COVID is less severe, but elderly still at high risk

The COVID-19 pandemic is no longer a public health emergency of international concern or, in Australia, a disease incident of national significance. It’s 4 years since the first cases of the disease were reported in China, and life is slowly getting back to normal.

And yet the virus shows little sign of going away.

“It’s not going to disappear, it’s going to be here forever,” says Nigel McMillan, program director of infectious disease and immunology at Menzies Health Institute Queensland.

But the virus that causes COVID-19 is stubbornly refusing to join its respiratory illness-causing comrades in shifting to a wintertime infection pattern.

While they can be caught at any time of the year, infection waves for the flu, RSV and common cold tend to be seasonal. Not so for COVID-19, which across Australia has seen regular half-yearly bumps.

“We predicted this to be a winter sort of illness – respiratory illnesses go up in winter – but it’s pretty clear from 2 years of data now, worldwide, that we are getting peaks in that December timeframe, and then that June-July timeframe,” says McMillan.

The latest Omicron variant is JN.1, a descendent of BA.2.86. It’s now the most prevalent form of the virus in many parts of the world and is surging in Australia.

Getting a precise indicator of infections is impractical, given the end to the compulsory reporting rules in place during the pandemic.

One dataset does, however, provide one accurate snapshot.

Obligatory reporting for hospital and ICU admissions gives a clearer picture of the worst effects of COVID-19 in the community – cases where it’s serious enough to send someone for emergency care.

“The most robust measure of what is going on is looking at severe disease and, of course, hospitalisation. That is confirming […] the impact of these new variants and these waves,” says Hassan Vally, a visiting epidemiologist at Deakin University.

“This is what happens when immunity in a population develops and matures, that’s happened through infection and vaccination, it’s why we did what we did with vaccination, because it protects us from severe disease and that protection from severe disease holds up pretty well.”

While Australia is clearly amid a new wave, the scale of people with the disease in emergency rooms is far less pronounced than previous surges.

Data from the federal health department shows the 2022/23 summer wave began building in early November, peaked at 510 daily hospital admissions (on a rolling 7-day average) on Christmas Eve, and sharply declined through January.

Compare that to the current wave – a gradual rise from October to an average of around 230 daily cases in mid-November which has fluctuated since. While it’s unclear when this wave will diminish – and hospital admissions have stubbornly remained at similar levels throughout the summer so far – there is some cold comfort that numbers appear, thankfully, lower than previous spikes.

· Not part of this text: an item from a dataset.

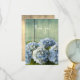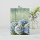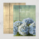 Thank you cards with wood grain background and blue hydrangea flowers. Use for weddings, birthdays, hospitality, or any reason. Scripture is for friendship and is easy to change or delete.

Pattern likely to continue, vaccines needed for the vulnerable

Reports suggest JN.1 is milder than previous wave-causers, though that would be little comfort for a person badly hit by an infection.

Milder or not, COVID-19 continues to pose a risk for vulnerable people in the community, chief among them the elderly and immunocompromised.

That’s why the number of outbreaks in aged care facilities is concerning experts and authorities.

459 aged care homes have reported outbreaks this season – that’s more than the winter’s high point of 454.

This rise in aged care COVID has been on the cards with under-vaccination among these most vulnerable groups an ongoing challenge.

“The degree to which people obviously come together through the Christmas and New Year season, unsurprisingly has kept case numbers up. Visits to aged care facilities by family members to see their loved ones, their mum or grandma […] has also seen an increase in resident infections over the last couple of weeks,” federal health minister Mark Butler said last week.

Under-vaccination – where a previously inoculated person may not be up to date with their vaccine schedule – is prominent in these settings. In its latest update on vaccination rates of those in aged care facilities, the Department of Health reports just 30% have received a booster in the last 6 months.

In its statement, the department says it is “working with both the aged care and primary care sectors to ensure residents have access to the COVID-19 vaccine. It continues to target support for residential aged care facilities to arrange COVID-19 vaccinations with local primary care providers such as GPs, community pharmacists and Aboriginal Community Controlled Health Services”.

Despite that commitment, it’s the lowest rate of residents with booster doses since May last year.

Clarification

This story’s introduction originally stated the COVID-19 pandemic was officially over. It has been corrected to reflect the ending of official declarations by the WHO of a global health emergency, and by Australia’s Chief Medical Officer and Health Protection Principal Committee of COVID-19 as a Communicable Disease Incident of National Significance.